This Week

As I Unexpected

Moon Lander via Shutterstock

Every Friday we take a look back at the week’s headlines, centering on a theme we’ve singled out as particularly important. While “interesting” is diluted and obscured to the point of redundancy, “epic” continues to diminish in stature. Meanwhile, “unexpected” lurks in quiet inescapability. Amid all the hyperbole, it was the unexpected that caused us to pause for thought this week.

Liberals are able to force certain issues into the national debate. What the left gets right, according to conservatives:

Liberals recognize the real problems facing the poor, the hardships resulting from economic globalization and the socially destructive force of increasing inequality.

I think it’s better to illuminate shit and learn about it than to opinionate about it:

I don’t have any political opinions, I just am very curious.
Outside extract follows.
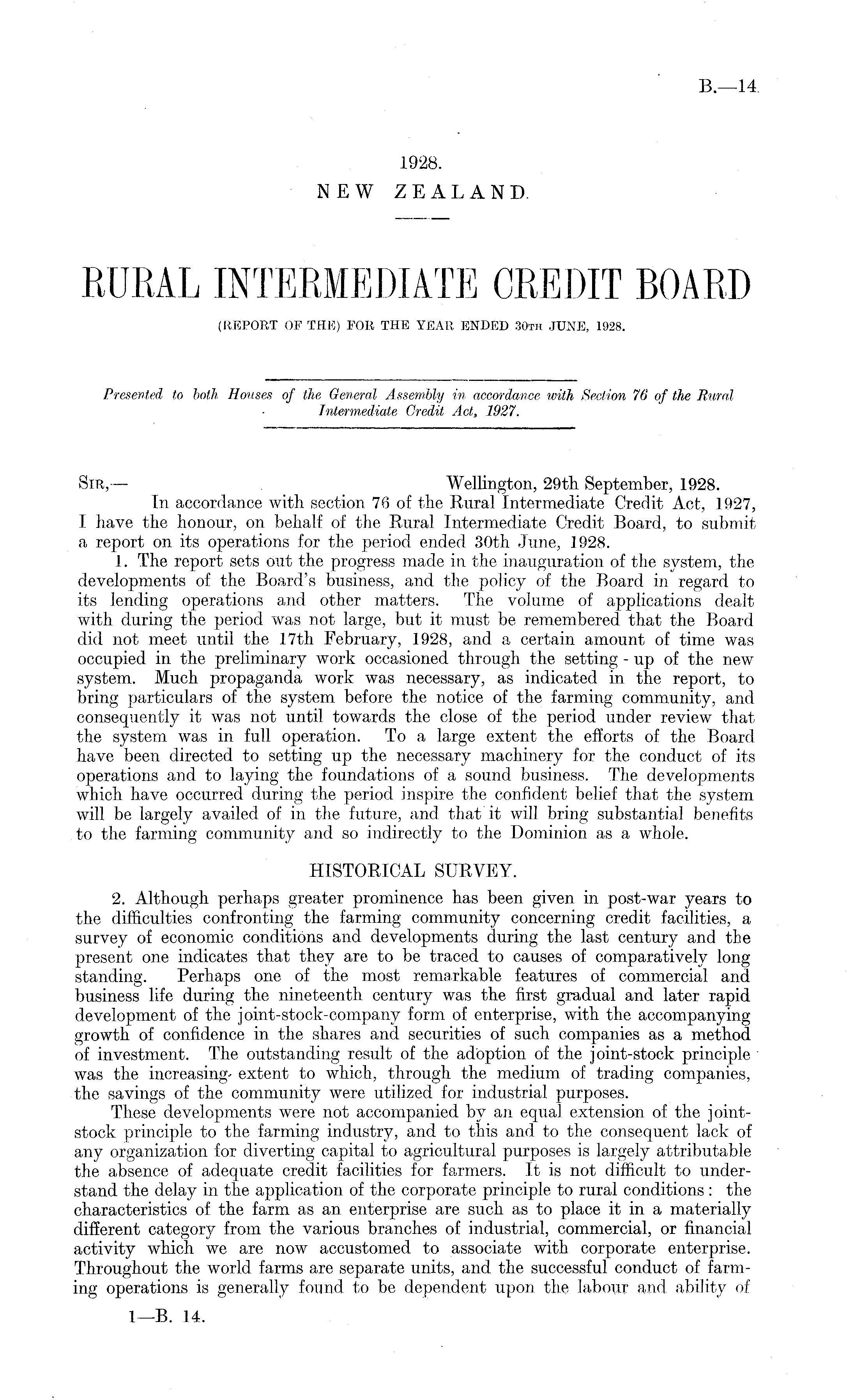 Sir, — Wellington, 29th September, 1928. In accordance with section 78 of the Rural Intermediate Credit Act, 1927, I have the honour, on behalf of the Rural Intermediate Credit Board, to submit a report on its operations for the period ended 30th June, 1928. 1. The report sets Out the progress made in the inauguration of the system, the developments of the Board's business, and the policy of the Board in regard to its lending operations and other matters. The volume of applications dealt with during the period was not large, but it must be remembered that the Board did not meet until the 17th February, 1928, and a certain amount of time was occupied in the preliminary work occasioned through the setting - up of the new system. Much propaganda work was necessary, as indicated in the report, to bring particulars of the system before the notice of the farming community, and consequently it was not until towards the close of the period under review that the system was in full operation. To a large extent the efforts of the Board have been directed to setting up the necessary machinery for the conduct of its operations and to laying the foundations of a sound business. The developments which have occurred during the period inspire the confident belief that the system will be largely availed of in the future, and that it will bring substantial benefits to the farming community and so indirectly to the Dominion as a whole. HISTORICAL SURVEY. 2. Although perhaps greater prominence has been given in post-war years to the difficulties confronting the farming community concerning credit facilities, a survey of economic conditions and developments during the last century and the present one indicates that they are to be traced to causes of comparatively long standing. Perhaps one of the most remarkable features of commercial and business life during the nineteenth century was the first gradual and later rapid development of the joint-stock-company form of enterprise, with the accompanying growth of confidence in the shares and securities of such companies as a method of investment. The outstanding result of the adoption of the joint-stock principle was the increasing, extent to which, through the medium of trading companies, the savings of the community were utilized for industrial purposes. These developments were not accompanied by an equal extension of the jointstock principle to the farming industry, and to this and to the consequent lack of any organization for diverting capital to agricultural purposes is largely attributable the absence of adequate credit facilities for farmers. It is not difficult to understand the delay in the application of the corporate principle to rural conditions : the characteristics of the farm as an enterprise are such as to place it in a materially different category from the various branches of industrial, commercial, or financial activity which we are now accustomed to associate with corporate enterprise. Throughout the world farms are separate units, and the successful conduct of farming operations is generally found to be dependent upon the labour and ability of

And it’s very interesting to listen to what people say

Researchers “cloak” a three-dimensional object with microwaves, rendering it invisible:

Cloaking in visible light, hiding more complex shapes and materials—that is, a cloak of Harry Potter qualities—remains distant, but Prof Alu pointed out that the steps in the meantime will be put to use.

No matter what Gingrich says, space sex is probably not a good idea:

…the consensus appears to be that space sex would be supremely difficult -- and pretty lousy -- for a variety of reasons

Most Americans pay less in taxes than they think they do—and not enough to cover the programs they want:

Most important, American taxes are not sufficient to pay for the programs that many people want, like Medicare, Social Security, road construction and education subsidies.

New Yorkers who answered a flier in December found themselves confined to a Dallas hotel weeks later, forced into sermons, calisthenics:

“My teacher called me out, and said, ‘You don’t have an open heart.’ She basically guilted me into staying.”

Researchers discover the Rostov Ripper’s murders in the 1980s fit the formula that predicts earthquakes:

It’s the same result scientists get when they plot the magnitude of earthquakes against the number of times each magnitude has occurred—and the same goes for a variety of natural phenomena.

Federal prescription drug sting, with help of con-artist, cost Google $500 million:

…it’s worth asking why Google was given the opportunity to settle such serious charges against it by writing a check

Why scientists should not be science journalists:

The purpose of a headline is not to tell the story. That’s the purpose of the story.

Twitter sexts from poet Patricia Lockwood:

I play Whac-A-Mole and all the moles let me whac them. They rise up to meet me, they desire nothing more than to be whac.